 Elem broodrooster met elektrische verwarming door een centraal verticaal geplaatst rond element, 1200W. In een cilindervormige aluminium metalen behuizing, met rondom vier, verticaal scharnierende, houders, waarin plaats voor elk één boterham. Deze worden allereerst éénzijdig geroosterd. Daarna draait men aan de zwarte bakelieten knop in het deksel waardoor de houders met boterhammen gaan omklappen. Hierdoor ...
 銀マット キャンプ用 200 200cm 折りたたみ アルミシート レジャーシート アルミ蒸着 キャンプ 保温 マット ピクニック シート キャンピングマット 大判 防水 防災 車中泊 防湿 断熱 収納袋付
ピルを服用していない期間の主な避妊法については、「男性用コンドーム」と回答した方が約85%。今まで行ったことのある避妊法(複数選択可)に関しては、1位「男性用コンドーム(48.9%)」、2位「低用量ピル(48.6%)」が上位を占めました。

- - - -

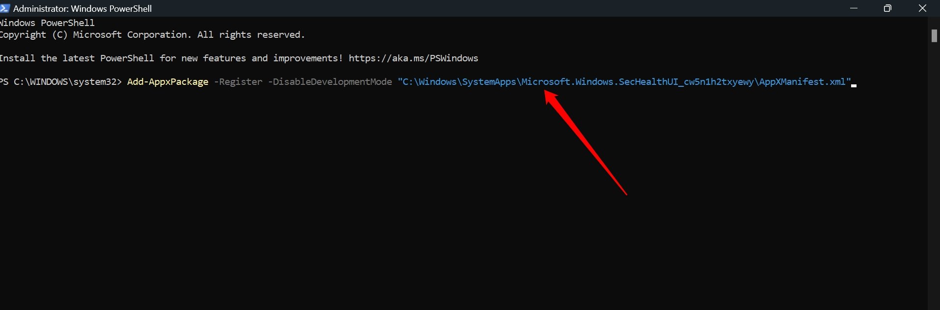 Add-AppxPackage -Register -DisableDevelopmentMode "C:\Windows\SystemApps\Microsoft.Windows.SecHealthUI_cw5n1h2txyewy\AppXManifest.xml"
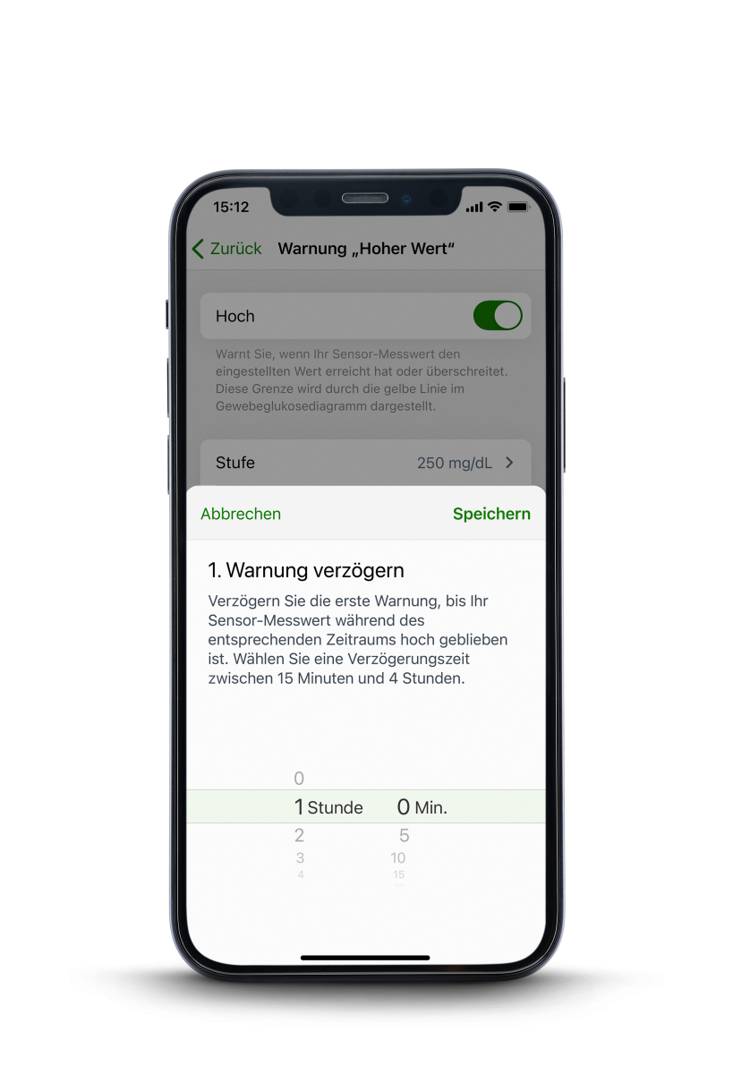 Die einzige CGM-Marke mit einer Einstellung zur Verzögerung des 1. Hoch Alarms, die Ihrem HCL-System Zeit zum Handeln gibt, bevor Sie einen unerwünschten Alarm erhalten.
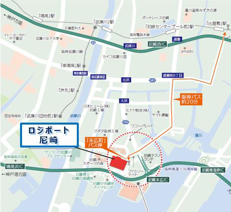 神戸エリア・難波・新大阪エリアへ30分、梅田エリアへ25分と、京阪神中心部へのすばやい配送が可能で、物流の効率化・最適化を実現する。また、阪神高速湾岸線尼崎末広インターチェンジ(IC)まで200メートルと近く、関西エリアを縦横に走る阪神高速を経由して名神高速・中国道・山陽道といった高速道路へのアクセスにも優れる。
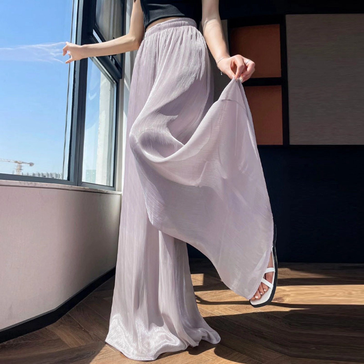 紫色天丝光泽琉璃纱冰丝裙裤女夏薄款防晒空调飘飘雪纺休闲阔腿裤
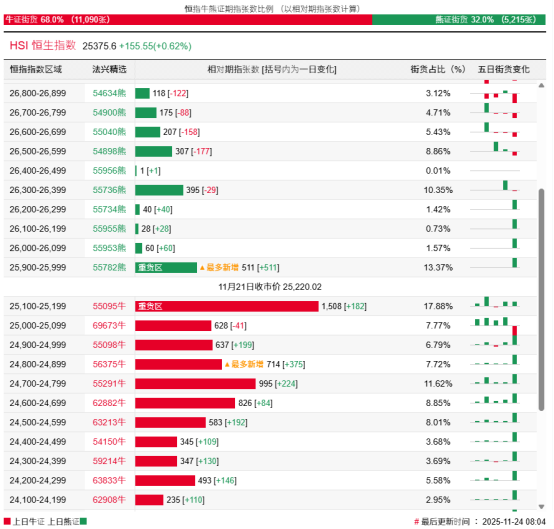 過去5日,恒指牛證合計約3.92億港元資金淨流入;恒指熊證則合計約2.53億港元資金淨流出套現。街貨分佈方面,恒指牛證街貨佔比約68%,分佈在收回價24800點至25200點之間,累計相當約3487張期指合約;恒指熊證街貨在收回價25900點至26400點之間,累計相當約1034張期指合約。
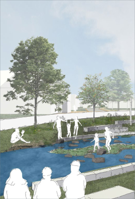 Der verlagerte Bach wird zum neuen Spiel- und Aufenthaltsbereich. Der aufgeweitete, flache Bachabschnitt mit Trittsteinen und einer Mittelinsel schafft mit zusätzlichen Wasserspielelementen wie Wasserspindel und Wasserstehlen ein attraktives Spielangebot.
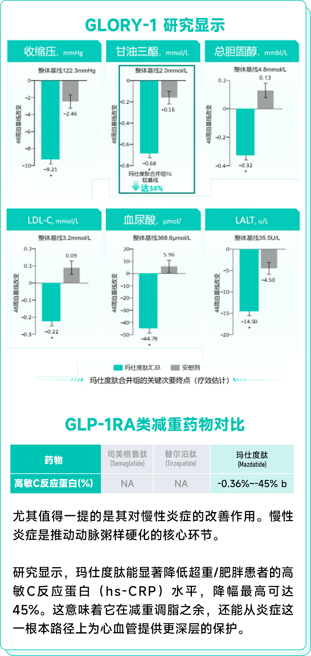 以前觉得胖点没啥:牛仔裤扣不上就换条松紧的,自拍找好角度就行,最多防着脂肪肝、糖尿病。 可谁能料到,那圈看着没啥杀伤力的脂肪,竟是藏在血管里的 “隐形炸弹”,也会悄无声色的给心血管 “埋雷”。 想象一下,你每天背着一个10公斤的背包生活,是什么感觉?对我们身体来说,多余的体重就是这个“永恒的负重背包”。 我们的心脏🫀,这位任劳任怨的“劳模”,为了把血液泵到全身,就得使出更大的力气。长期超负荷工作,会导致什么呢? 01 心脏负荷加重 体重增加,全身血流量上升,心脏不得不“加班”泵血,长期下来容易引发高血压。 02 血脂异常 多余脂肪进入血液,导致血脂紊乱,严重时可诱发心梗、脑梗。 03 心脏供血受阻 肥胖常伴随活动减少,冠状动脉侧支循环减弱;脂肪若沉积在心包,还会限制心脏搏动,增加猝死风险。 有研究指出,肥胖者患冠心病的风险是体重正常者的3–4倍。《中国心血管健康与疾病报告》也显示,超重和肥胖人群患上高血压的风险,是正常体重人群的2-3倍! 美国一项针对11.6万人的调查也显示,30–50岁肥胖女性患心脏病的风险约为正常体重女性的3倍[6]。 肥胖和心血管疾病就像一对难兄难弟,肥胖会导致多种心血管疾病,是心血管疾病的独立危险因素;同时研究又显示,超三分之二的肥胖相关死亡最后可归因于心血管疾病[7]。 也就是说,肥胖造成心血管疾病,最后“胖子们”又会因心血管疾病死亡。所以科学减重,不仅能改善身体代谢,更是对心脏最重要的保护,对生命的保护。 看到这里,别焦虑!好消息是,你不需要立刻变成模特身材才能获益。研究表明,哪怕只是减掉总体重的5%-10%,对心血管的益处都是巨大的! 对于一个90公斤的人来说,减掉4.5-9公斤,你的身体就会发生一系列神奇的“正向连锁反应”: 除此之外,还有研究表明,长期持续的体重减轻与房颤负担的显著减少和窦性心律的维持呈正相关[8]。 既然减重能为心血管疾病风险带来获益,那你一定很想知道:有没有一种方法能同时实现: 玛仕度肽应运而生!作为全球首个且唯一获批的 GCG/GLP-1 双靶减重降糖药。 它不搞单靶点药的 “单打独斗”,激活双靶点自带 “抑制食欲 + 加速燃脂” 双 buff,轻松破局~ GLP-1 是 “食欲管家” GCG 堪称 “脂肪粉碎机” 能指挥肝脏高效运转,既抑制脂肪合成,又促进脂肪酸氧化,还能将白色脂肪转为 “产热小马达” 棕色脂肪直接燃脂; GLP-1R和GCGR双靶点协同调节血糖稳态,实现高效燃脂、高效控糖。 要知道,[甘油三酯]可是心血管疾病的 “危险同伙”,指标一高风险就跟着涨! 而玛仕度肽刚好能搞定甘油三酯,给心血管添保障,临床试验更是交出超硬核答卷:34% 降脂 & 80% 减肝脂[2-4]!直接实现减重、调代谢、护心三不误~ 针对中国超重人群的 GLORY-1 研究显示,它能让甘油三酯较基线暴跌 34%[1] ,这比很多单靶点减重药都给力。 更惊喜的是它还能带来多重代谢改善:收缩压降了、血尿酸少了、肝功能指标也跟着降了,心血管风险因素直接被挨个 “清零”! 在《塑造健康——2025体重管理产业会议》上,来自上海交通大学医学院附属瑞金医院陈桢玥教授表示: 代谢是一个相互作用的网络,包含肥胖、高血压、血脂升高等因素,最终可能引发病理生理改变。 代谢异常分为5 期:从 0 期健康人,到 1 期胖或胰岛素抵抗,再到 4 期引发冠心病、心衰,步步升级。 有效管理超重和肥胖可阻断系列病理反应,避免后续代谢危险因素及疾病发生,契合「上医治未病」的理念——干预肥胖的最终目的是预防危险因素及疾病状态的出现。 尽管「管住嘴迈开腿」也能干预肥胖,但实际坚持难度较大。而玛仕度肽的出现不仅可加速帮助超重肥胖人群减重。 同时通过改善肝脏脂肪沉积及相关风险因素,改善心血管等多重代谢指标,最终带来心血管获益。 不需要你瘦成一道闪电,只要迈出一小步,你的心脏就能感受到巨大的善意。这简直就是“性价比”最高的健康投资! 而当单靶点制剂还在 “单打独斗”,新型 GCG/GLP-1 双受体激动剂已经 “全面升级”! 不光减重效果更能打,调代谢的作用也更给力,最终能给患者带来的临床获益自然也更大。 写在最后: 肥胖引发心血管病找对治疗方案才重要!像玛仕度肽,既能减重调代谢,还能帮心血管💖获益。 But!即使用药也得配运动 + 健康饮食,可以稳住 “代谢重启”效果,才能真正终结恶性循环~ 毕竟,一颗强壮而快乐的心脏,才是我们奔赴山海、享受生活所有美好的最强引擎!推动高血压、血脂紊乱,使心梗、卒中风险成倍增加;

- - - -

▶ _Exercise_: In the data above, start at the line that has "Elem broodrooster met", stop after the line that has "ピルを服用していない期間の主", and print every line in between exactly as it stands.

▶ _Answer box_:
 Elem broodrooster met elektrische verwarming door een centraal verticaal geplaatst rond element, 1200W. In een cilindervormige aluminium metalen behuizing, met rondom vier, verticaal scharnierende, houders, waarin plaats voor elk één boterham. Deze worden allereerst éénzijdig geroosterd. Daarna draait men aan de zwarte bakelieten knop in het deksel waardoor de houders met boterhammen gaan omklappen. Hierdoor ...
 銀マット キャンプ用 200 200cm 折りたたみ アルミシート レジャーシート アルミ蒸着 キャンプ 保温 マット ピクニック シート キャンピングマット 大判 防水 防災 車中泊 防湿 断熱 収納袋付
ピルを服用していない期間の主な避妊法については、「男性用コンドーム」と回答した方が約85%。今まで行ったことのある避妊法(複数選択可)に関しては、1位「男性用コンドーム(48.9%)」、2位「低用量ピル(48.6%)」が上位を占めました。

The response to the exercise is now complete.